Google Ads engineers have introduced an active learning workflow that reduces the amount of expert-labeled data needed to fine-tune safety models from roughly 100 000 examples to fewer than 500. In internal tests the approach improved alignment with expert decisions by up to 65 percent, allowing policy updates to reach production in days instead of weeks.
Active Learning Training Data Reduction
The pipeline begins with a few-shot model that labels billions of ads as benign or potentially unsafe. Clustering then isolates samples near the decision boundary - the cases the model finds most confusing. These “hard” pairs are sent to policy specialists for dual annotation.
Each pair is labeled twice, and agreement is measured with Cohen’s Kappa. Training and evaluation sets are refreshed every round until model-human agreement plateaus.
- Pilot tasks: clickbait detection and complex policy checks.
- Models: Gemini Nano-1 (1.8 B) and Gemini Nano-2 (3.25 B).
- Baseline: 100 000 crowdsourced labels with 5 percent positives.
- Curated: 250-450 expert labels with roughly 40 percent positives.
- Nano-2 Kappa rose from .36 to .56 on the simpler task and from .23 to .38 on the harder task.
- Overall alignment gains: 55-65 percent using three orders of magnitude less data.
- Production models achieved comparable quality with 10 000× less data.
The lower-complexity task plateaued after six rounds (450 fine-tuning and 250 evaluation samples). The harder task stabilized after five rounds (250 and 150 samples).
Baseline crowdsourced labels aligned at .59 Kappa on the simpler set and .41 on the harder set. Expert labels scored .81 and .78, setting the ceiling for model performance. Nano-1 held steady at .25 Kappa, while Nano-2 benefited most from curated data, confirming that larger models gain more from high-signal examples.
When reviewer hours were scarce, the system prioritized clusters by surface area, ensuring broad coverage despite a small labeling budget.

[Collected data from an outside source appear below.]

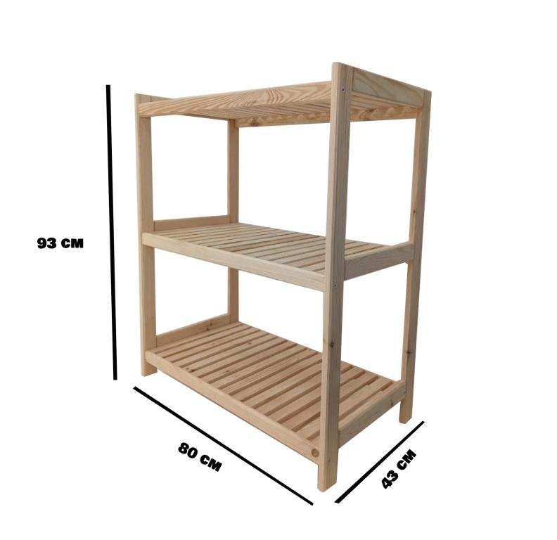 Drevený regál s 3 policami, 93 x 80 x 43 cm
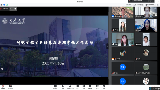 在人工智能领域所付出的努力、已取得的成果和未来发展前景,希望同学们能脚踏实地参与到智能科技前沿领域的研究中来。第九届暑期学校优秀学员、2021级直博生李沁哲同学从报考我校的初衷、就读后的学习和生活体会方面分享了自己的经验和感想,鼓励本届学员报考我校,未来充分享受同济的校园生活。最后,各学科分别组织宣讲,并向学员公布考试规则。开幕式由副院长周俊鹤教授主持,各系主任和研究生教务员出席了开幕式。
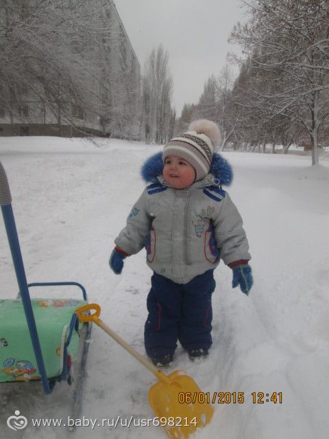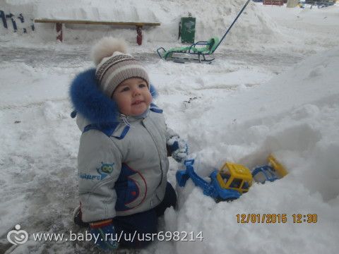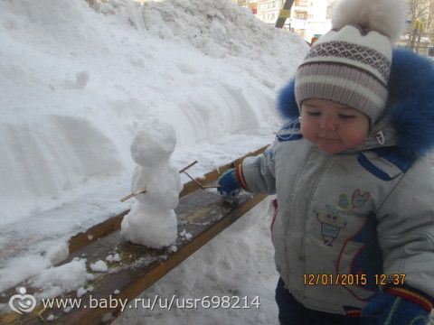 Итак начнем.Со снегом познакомились, валялись, копали трактором, лепили снеговика.Снег вызвал У Свята дикий восторг
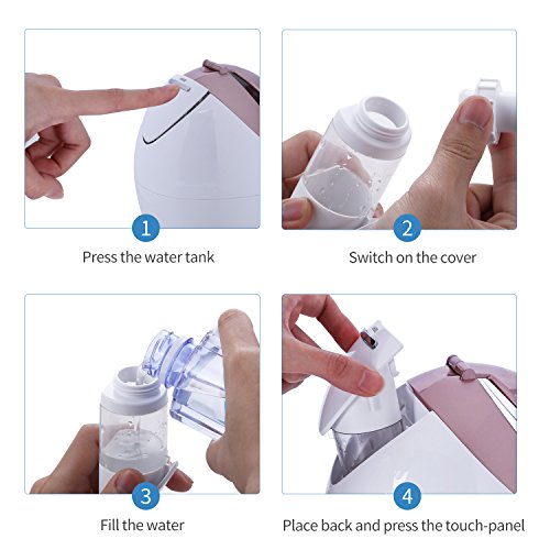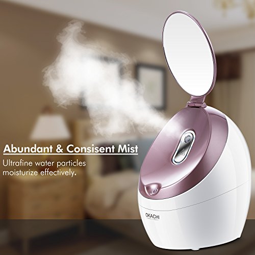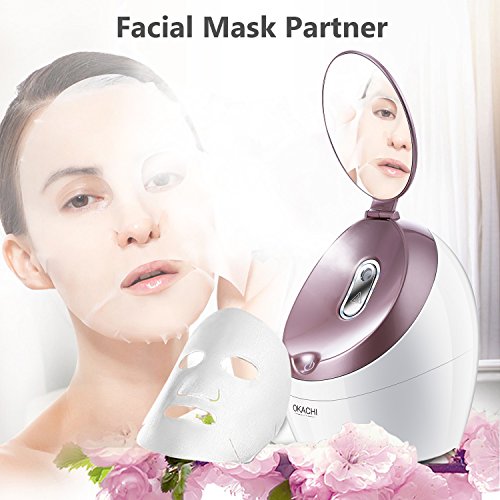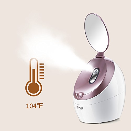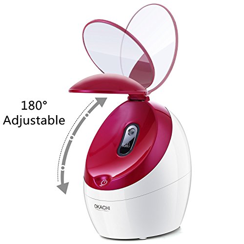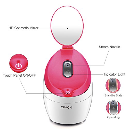 -. Feature : Powerful Steams: The facial steamer nozzle sprays strong, steady, wide and thick steams, covering entire face. Nano-sized steams easily penetrate the skin barrier, moisturize skin more quickly and absorb nutritional essence more effectively.【BONUS】Get Free Facial Massager, please read the gift card attached in the package and contact us. / Multifunctional New Type Steamer: 4-in-1 facial steamer is not only good for face cleaning and skin care, but also can be used as a humidifier and a makeup mirror. A large 80 ml water tank , the mist can last for about 15 minutes of working time with a completely silent operation, long running time. Also you can fix the facial mask through the mirror / Smart Touch Switch and Auto Shut-off: The atomizer has an anticreep touch-panel for operation, which is easy and safe for your beauty routine. Facial steamer will auto shut-off if there is no water in the water supply tank, preventing any injury. Enjoying spa-like facial sauna treatments at home, anytime you want / Spa Facial Treatment: Promotes collagen regeneration,makes skin clear and bright, 10x improved blood circulation, improves cell vitality for a healthier younger looking complexion, reduces acne and blackheads, weakens pigmented spots, kills skin bacteria, and suppresses acne, restores smooth and delicate skin, promotes drainage of sinuses and airways for overall improved well being / High-end Manufacture: Sleek Design with the single-side mirror (HD scratch resistant)and streamlined appearance, easy to use and portable. It's convenient to complement your dresser, table, bathroom cabinet and etc.The water tank is made by ultra-high grade, durable, heat - resistant and eco-friendly premium material, does not have any plastic smell

Google Ads Safety Model Background
Google Ads screens billions of creatives each day for scams, adult themes, and misinformation. Ongoing concept drift forces frequent model updates. Large language models offer richer context understanding but traditionally demand costly expert annotations. The new workflow focuses annotation on ambiguous content, sharply reducing that burden.
Cohen’s Kappa was chosen because many safety decisions lack a single ground truth; scores above .80 indicate expert-level agreement.
Engineering was led by Markus Krause, Nancy Chang, and Steve Walker, with project management from Kelsie McElroy of Ads Privacy and Safety.
Source Citations
Findings are detailed in a Google Ads Research blog post dated 7 August 2025 by Markus Krause and Nancy Chang. Model specifications appear in the Gemini 1 Technical Report.